Priscilla toucha doucement la manche de son grand-père. Il lui avait
promis de ne pas se mettre en colère et fit un effort pour se contenir.
« Bien, on te cherchera quelque chose dans cette branche-là, dit-il
d'un ton radouci. Tu étudieras les sciences naturelles et ensuite on verra.
J'espère qu'avec l'âge tu finiras par comprendre.
— Une tarte, monsieur le duc ? proposa Mme Carraclough.
— Vous voulez me faire mourir d'indigestion, à ce que je vois ! dit
le duc en prenant la tarte. Mais, après tout, il faut bien mourir de quelque
chose. Et à mon âge....
— Ne parlez pas de votre âge, monsieur le duc, personne n'y pense.
— Au fond, vous avez raison, le mieux est peut-être de ne pas y
penser... quand les douleurs ne vous y forcent pas! » ajouta-t-il avec une
grimace.
Lassie s'approcha de lui et posa sa tête sur ses genoux.

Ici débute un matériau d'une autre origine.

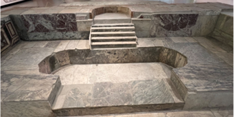 古希腊人通常将带有花朵或花苞香味的液体,涂抹在皮肤和头发上,作为一种简易的香水。此外,女性崇尚白皙的面庞,她们会在脸上涂抹特制的铅粉,用木炭描画眉毛,还会用海藻、桑葚等植物制作口红。那时候,用青铜打磨的镜子、梳子、剃刀以及修剪指甲的工具也已出现,人们可用各种制剂以及镊子除去多余的毛发,甚至还会使用牙签和漂白粉来清洁牙齿。他们洗澡不用肥皂,而是将橄榄油擦拭全身,然后用刮身板将橄榄油刮下。当时的人们注重卫生与美容护理,也热爱沐浴,在古罗马时代,城市中往往会有公共浴室,而富人则可以在家中打造私人浴室。图中即为古罗马时期一个豪华住宅的私人浴室。它由砖块制成,内衬着多种颜色的大理石,还绘有各种图画。使用时,水从阶梯上瀑流而下,灌满小浴缸。

« C'est drôle, dit le duc, on dirait qu'elle m'aime ! »
II jeta autour de lui un regard triomphant. Il avait donc réussi à se
faire aimer de Lassie, ce qu'il cherchait en vain depuis si longtemps ! Il lui
semblait que rien au monde n'aurait pu lui donner un plus grand plaisir.
« Tu es vraiment la meilleure des chiennes, dit-il en la grattant
délicatement derrière les oreilles, à l'endroit qu'elle affectionnait. Soignez-
la bien, madame Carraclough, j'ai l'impression qu'elle nous porte bonheur!»
Joe et Priscilla, se rappelant ce qu'il disait naguère, échangèrent un
coup d'œil amusé. Le duc devina ce qu'ils pensaient et se racla la gorge
avec embarras.
« Hum !... Serait-il tout à fait indiscret de prendre encore une
dernière tarte, madame Carraclough ? » demanda-t-il.